Step 2: Select PPF Services
Navigate to sections such as:
- Investments
- Government Schemes
- PPF Account Opening
Step 3: Enter Required Information
Provide:
- PAN details
- Address information
- Branch details
- Nominee information
Step 4: Complete Verification
Verify your identity using Aadhaar-linked OTP authentication.
Step 5: Make Initial Deposit
Deposit the minimum required amount to activate the account.
Once completed, the PPF account becomes operational.
How to Open a PPF Account Offline
Those who prefer offline banking can open a PPF account at authorized banks or post offices.
Required Steps
- Visit the nearest authorized branch or post office.
- Collect the PPF application form.
- Fill in personal and nominee details.
- Submit KYC documents.
- Deposit the initial contribution through cash or cheque.

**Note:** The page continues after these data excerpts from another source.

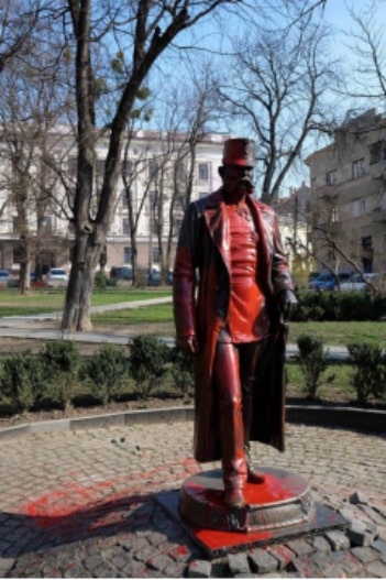 Однак у австрійського імператора веселка зовнішніх впливів була ще багатшою. Через якийсь час цей пам'ятник, від голови до ніг, облили фарбою. Раз від голови до ніг (а не тільки пальці), так і колір відповідний - червоний. Мотиви і зв'язки, що раніше спліталися в моїй свідомості у вузли витончених метафор, задубіли: вторгнення червоного завжди таке.
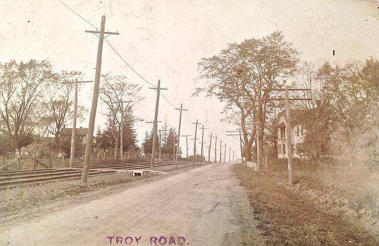 A single-circuit, three-phase electric line with glass or porcelain insulators is seen on the far left with heavy cables along the middle of this photo for trolley power. On the far right is a nice old 10-pin, two-arm telephone pole line...of the basic type we never get tired of seeing, no matter how old or new ;-) ...with "alley arms" extending over the roadway in the background for clearance from the trees to minimize electrical interference from the surrounding tree foliage, providing better telephone service. |
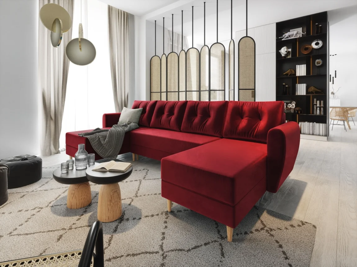 Rozkládací rohová sedačka SKYANG ve tvaru U s potahem Itaka 34 v červené barvě. Potah má voděodolnou úpravu, která zabraňuje prorůstání nečistot a usnadňuje čištění; tekutiny zůstávají na povrchu a dají se snadno setřít.

- Complete document verification.
After successful processing, the institution will issue a passbook and account details.
Documents Required
Generally, applicants need:
- PAN Card
- Aadhaar Card
- Passport-size photograph
- Address proof
- Nominee details
Additional documentation may be requested depending on the institution.
Final Thoughts
Both PF and PPF play important roles in long-term financial planning, but they are designed for different purposes. PF helps salaried employees build retirement savings through mandatory contributions, while PPF offers a flexible, government-backed investment avenue open to everyone.
For investors seeking a secure, tax-efficient, and long-term savings option, PPF continues to be one of the most reliable choices available in India.